I also wonder how he would have reacted if he was given the dataset for heights from male adults in ancient Gaul conscripted in Caesar’s army.  That set undoubtedly showed a different mean height and standard deviation than the one Quetelet discovered in modern day French conscripts.

And if he had been aware of the short stature of African Pygmies—the cause of which remains somewhat obscure, that awareness could also have given him pause about defining normal on the basis of numbers.  Likewise, for the tall Dinka people of South Sudan or, for that matter, the fact that Dutch people to this day are measurably taller on average than their German or Belgian neighbors.  Normal height is obviously a multidimensional concept that must take into account the historical and geographic context.

On one of our earlier podcast episodes with guest Dr. Saurabh Jha (“Normal is Fuzzy,” episode 5), we touched on some of these questions in reference to a paper published last year by the famous methodologist John Ioannidis and his colleagues (“In the Era of Precision Medicine and Big Data, Who Is Normal?” published in JAMA).  They too are grappling with the problem of defining normal values.

Perhaps one thing to bear in mind is that “normality” can only be judged in the context of the whole organism.  It is not simply a feature of the trait itself.  There is no such thing as a normal range of human height per se; there is a vague range of heights that belongs to normal human beings.  It’s the whole being that must be deemed normal first of all.

What does that say about the prospect for artificial intelligence to help us decide what’s normal or not?  Ioannidis and his colleagues were uncharacteristically optimistic in their editorial.  I, for one, believe that the capacity to determine normality is irreducibly human and cannot be learned by machines (but machines could fool us into thinking they can).

So much for Quetelet and normal humans.

Mike also mentioned to me that, in the 19th century, the shape of the normal curve was often referred to in the French-language scientific literature as the Chapeau de Gendarme (military police hat) rather than forme de cloche (bell shape).  That puzzled me until I realized that that was a reference to the Napoleonic outfit.
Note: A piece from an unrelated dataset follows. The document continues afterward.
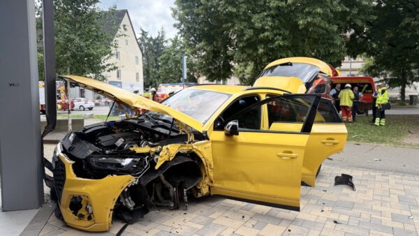 E-SUV fährt auf Gebäude in Rottweil: Fußgänger schwerst verletzt
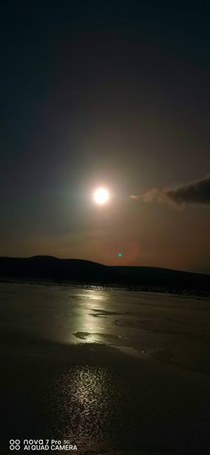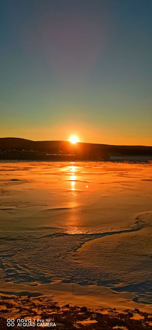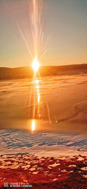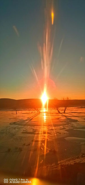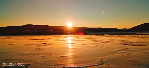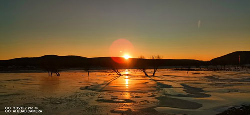 一道殘陽鋪水中,半江瑟瑟半江紅。冰與火,在漸離漸遠的不舍中,碰撞出燦爛耀眼的光芒。火樹銀花般綻放的璀璨,讓冰河有了大海的氣勢,而冰河的冷艷,讓如血的殘陽,美到極致。

Chapeau de Gendarme sold on eBay

And that head dress has really captured the imagination of French industrial designers.  The French Wikipedia site has an entire entry on that chapeau and here are some of its illustrations.

Chapeau de Gendarme – Methode Nounours via KevCortellari (Wikimedia Commons)

Skylight in Chapeau de Gendarme, Photo credit Lienhard Schultz, via Wikimedia Commons

Chapeau de Gendarme in plumbing

### 1 Comment

1. Daniel Monroe on 03/12/2021 at 2:42 PM

Rothbard in _Making Economic Sense_ states emphatically that the acceptance of the normal curve is a “purely mystical act of faith” (see “Statistics: Destroyed from within?”).